On the table next to the sofa atop which they conducted their love affair there was an unfinished bowl of ripe, red strawberries. They too were an aphrodisiac. In fact, Zangetsu wouldn't guess till several days later but shall I divulge? He'd been right when trying to duck Deathberry's soul searching query. The strawberries were the result of hormones. It was the springtime of Ichigo's youth, and the residents of his mind were reaping the rich rewards.

Outside the sky was a pure, snowy white as Ichigo worried about shit above and beyond a fifteen-year-old's normal spectrum of trouble. A friend in Hueco Mundo weighed heavily in his heart but the people in his head were least bothered.

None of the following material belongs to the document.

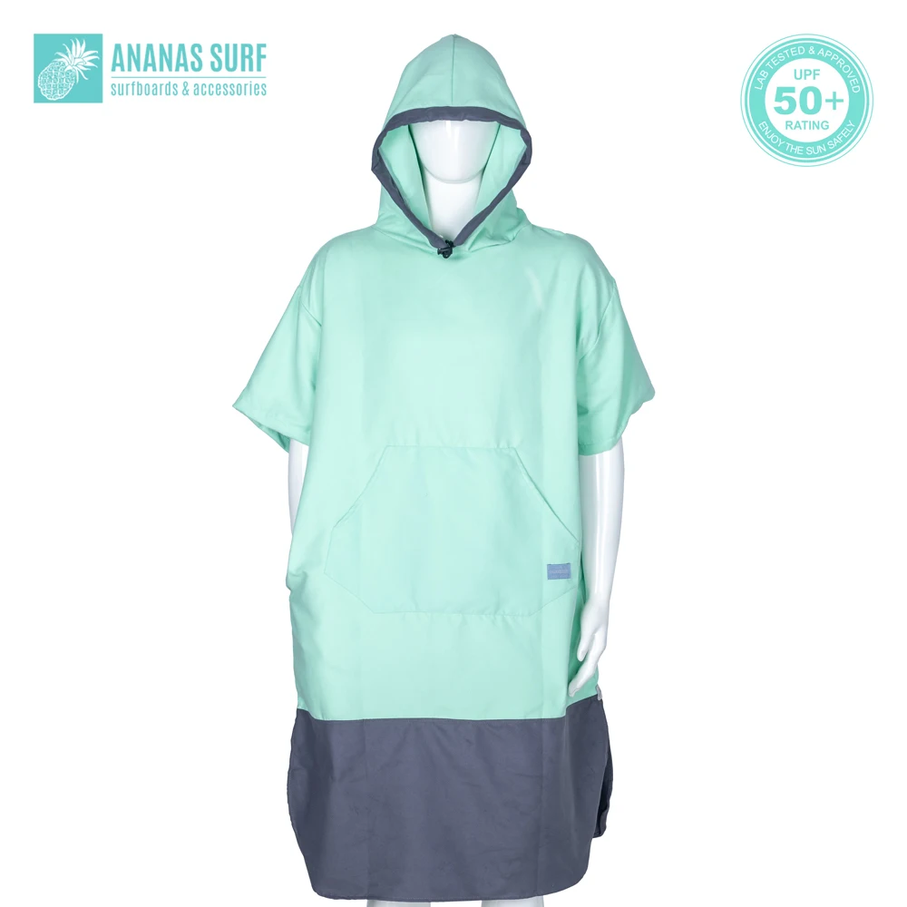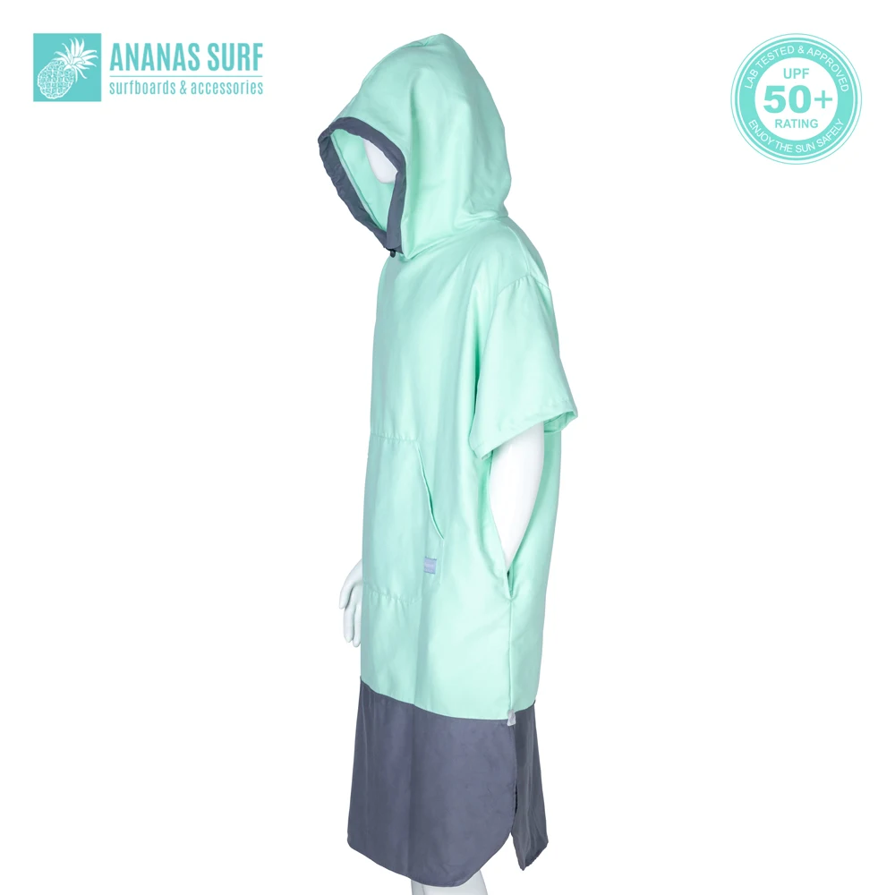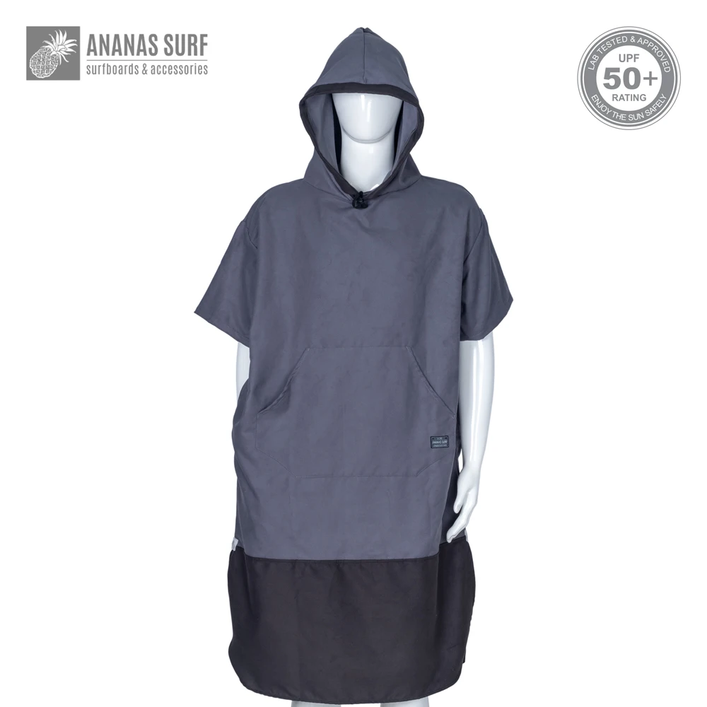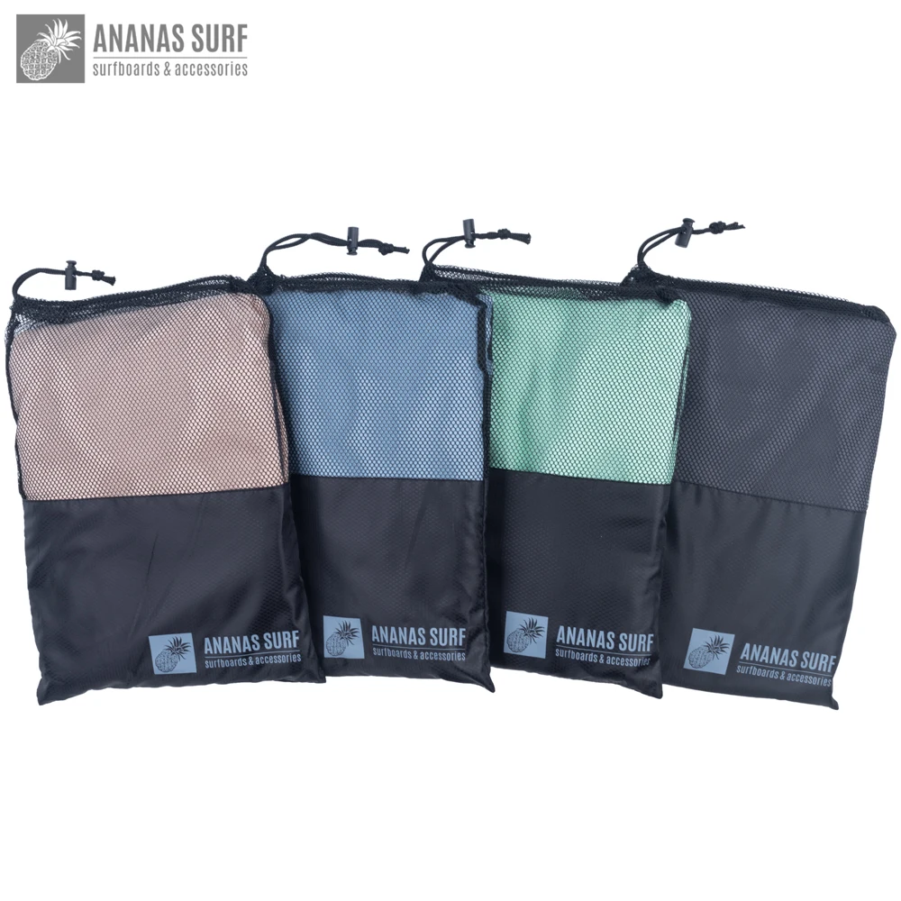ANANAS SURF beach poncho with open side pocket for easy changing your wet wear is made of quick-drying and super lightweight microfiber suede cloth materials. So also can be used as a beach towel. It’s real small packing size, you’ll always find someplace on the beach for the change you wet wear after surf. Just put it in your bag to bring a poncho along to the spot!

No, that wasn't fair. Zangetsu did care, and so did Deathberry. Right now, though, it wasn't their concern. The weather in this big, empty head (poor Ichigo) was always of interest to them, but please.

Give them this moment.

x.x.x.x.x.x.x.x.x

I was thinking. During "King and Horse" Dark Ichigo says Zangetsu is part of him or something. But I just thought O/o weird. I would've expected some change in Ichigo's sword if Zangetsu had been nommed by the hollow. I then reached the yaoitastic conclusion that DI was lying or meant it in a metaphorical way because, ahem, I am simply a fan of the gay love that way.

Also, can I just say? Zangetsu's promise to Ichigo raised my eyebrows sky-high on account of how he's basically saying all the kid's problems can be solved by violence. Slash, hack, maim.